Material supplied:

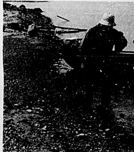
Prospection sur le bord d'un lac en Haute-Mauricie. Un examen très attentif du sol est nécessaire pour découvrir des vestiges.

Par trop inhibé et frustré, l'homme d'aujourd'hui qui se refuse à vivre comme un robot, réagit instinctivement en se repliant sur le passé qui représente pour lui un oasis de paix, un îlot de tranquillité, un havre de grâce dans un monde tourmenté. La recherche du passé, l'engouement pour le patrimoine — sous l'angle de l'historiographie — donc du refus d'un genre de vie dérisoirement vidé de tout sens que voudrait imposer un matérialisme outrancier. L'étude historique sous toutes ses formes se propose comme un antidote à trop de poisons dont on voudrait gaver l'esprit. Aimer les anciens et s'intéresser à ce qu'ils ont vécu devient pour l'homme contemporain l'une des manifestations de son complexe de survivance.
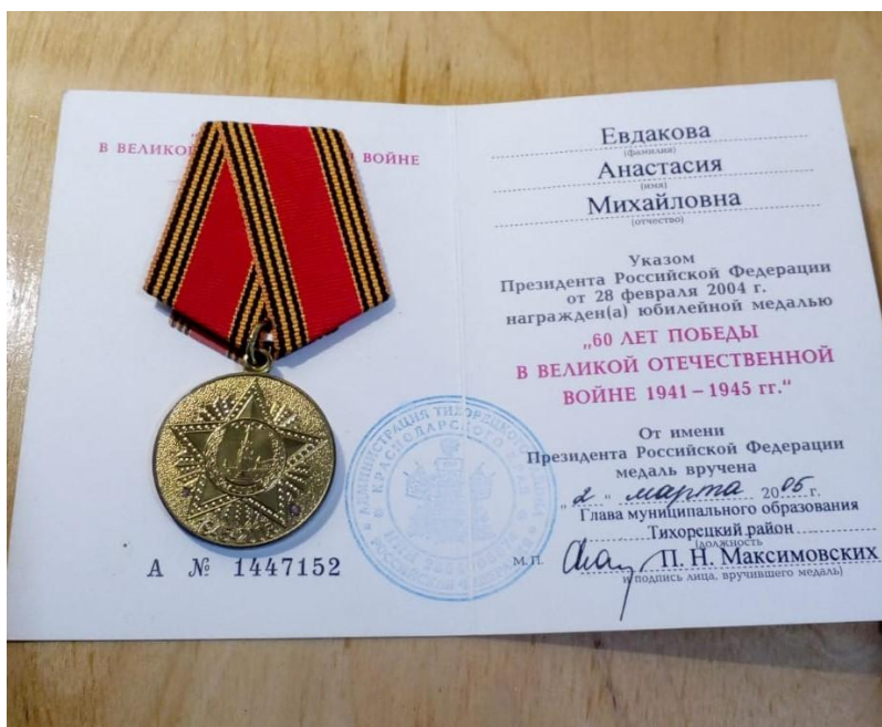
Рис. 4. Медаль и удостоверение к ней «60 лет победы в Великой Отечественной войне 1941-1945гг.»
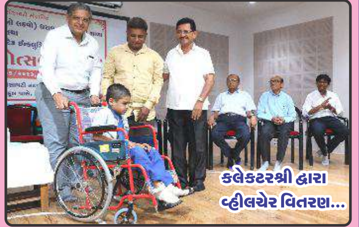
કલેક્ટરશ્રી દ્વારા વ્હીલચેર વિતરણ...
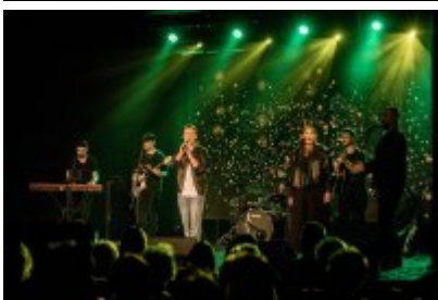
• XXV Festiwal Ave - Kopalnia Kultury
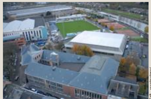
Les travaux de Tabora dureront, au maximum, 300 jours ouvrables. Les salles seront toujours accessibles.

Task prompt: Give back the full listing exactly as written, only without its pictures.

Solution to the problem:
Prospection sur le bord d'un lac en Haute-Mauricie. Un examen très attentif du sol est nécessaire pour découvrir des vestiges.

Par trop inhibé et frustré, l'homme d'aujourd'hui qui se refuse à vivre comme un robot, réagit instinctivement en se repliant sur le passé qui représente pour lui un oasis de paix, un îlot de tranquillité, un havre de grâce dans un monde tourmenté. La recherche du passé, l'engouement pour le patrimoine — sous l'angle de l'historiographie — donc du refus d'un genre de vie dérisoirement vidé de tout sens que voudrait imposer un matérialisme outrancier. L'étude historique sous toutes ses formes se propose comme un antidote à trop de poisons dont on voudrait gaver l'esprit. Aimer les anciens et s'intéresser à ce qu'ils ont vécu devient pour l'homme contemporain l'une des manifestations de son complexe de survivance.
Рис. 4. Медаль и удостоверение к ней «60 лет победы в Великой Отечественной войне 1941-1945гг.»
કલેક્ટરશ્રી દ્વારા વ્હીલચેર વિતરણ...
• XXV Festiwal Ave - Kopalnia Kultury
Les travaux de Tabora dureront, au maximum, 300 jours ouvrables. Les salles seront toujours accessibles.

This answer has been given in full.